*** Opening of EXCERPTED RECORDS ***

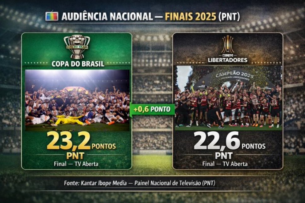 A final da Copa do Brasil registrou audiência superior à da final da Libertadores em todo o Brasil.
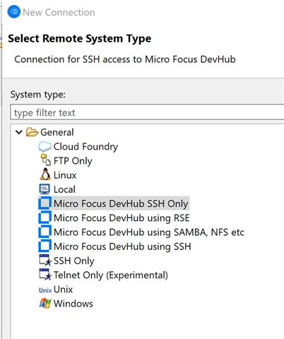 1. Create a new Connection of type "Micro Focus DevHub SSH Only" in the Remote Systems Explorer Perspective in Eclipse - Window->Perspective->Open Perspective->Remote System Explorer (I believe you already have a remote connection, just including this for completeness.) Also, you could instead create the connection as part of creating the Remote Project below, but this is the path I took…
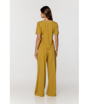 Ockerfarbenes Kurzarm-T-Shirt mit Rundhalsausschnitt aus Viskose und Nylon Größen: XS bis 5XL Länge...
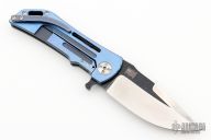 This Dominator 3.5 Flat Frame by Darrel Ralph has a two-tone blade with notched thumbrest and flipper. The handle has a vented carbon fiber and anodized titanium frame, anodized and tumbled titanium backspacer and tip up clip. Runs on bearings, nice detent, lockup and blade seating. Comes with zippered case. Excellent condition.
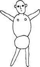 Есть и другой способ оценки уровня чувствительности в теле — нужно попросить пациента нарисовать женщину и мужчину на двух отдельных листах бумаги. Степени сложности их позиций и сходства с живыми людьми указывают на степень осознавания своего тела пациентами и на те области, которые они чувствуют лучше. Например, некоторые пациенты рисуют человека без ладоней и стоп или без глаз, без какого-либо выражения лица. Это выразительно свидетельствует о недостатке чувствительности в этих местах. Некоторые рисуют схематично, прямыми линиями из черточек, что указывает сильный недостаток чувствительности в теле: они не в состоянии ассоциировать с телом такие чувства, как печаль, радость или страх (рис. 5.3).

*** Close of EXCERPTED RECORDS ***

### WORK INSTRUCTION
Leave the pictures out and print the records above exactly as they stand.

### ANSWER
 A final da Copa do Brasil registrou audiência superior à da final da Libertadores em todo o Brasil.
 1. Create a new Connection of type "Micro Focus DevHub SSH Only" in the Remote Systems Explorer Perspective in Eclipse - Window->Perspective->Open Perspective->Remote System Explorer (I believe you already have a remote connection, just including this for completeness.) Also, you could instead create the connection as part of creating the Remote Project below, but this is the path I took…
 Ockerfarbenes Kurzarm-T-Shirt mit Rundhalsausschnitt aus Viskose und Nylon Größen: XS bis 5XL Länge...
 This Dominator 3.5 Flat Frame by Darrel Ralph has a two-tone blade with notched thumbrest and flipper. The handle has a vented carbon fiber and anodized titanium frame, anodized and tumbled titanium backspacer and tip up clip. Runs on bearings, nice detent, lockup and blade seating. Comes with zippered case. Excellent condition.
 Есть и другой способ оценки уровня чувствительности в теле — нужно попросить пациента нарисовать женщину и мужчину на двух отдельных листах бумаги. Степени сложности их позиций и сходства с живыми людьми указывают на степень осознавания своего тела пациентами и на те области, которые они чувствуют лучше. Например, некоторые пациенты рисуют человека без ладоней и стоп или без глаз, без какого-либо выражения лица. Это выразительно свидетельствует о недостатке чувствительности в этих местах. Некоторые рисуют схематично, прямыми линиями из черточек, что указывает сильный недостаток чувствительности в теле: они не в состоянии ассоциировать с телом такие чувства, как печаль, радость или страх (рис. 5.3).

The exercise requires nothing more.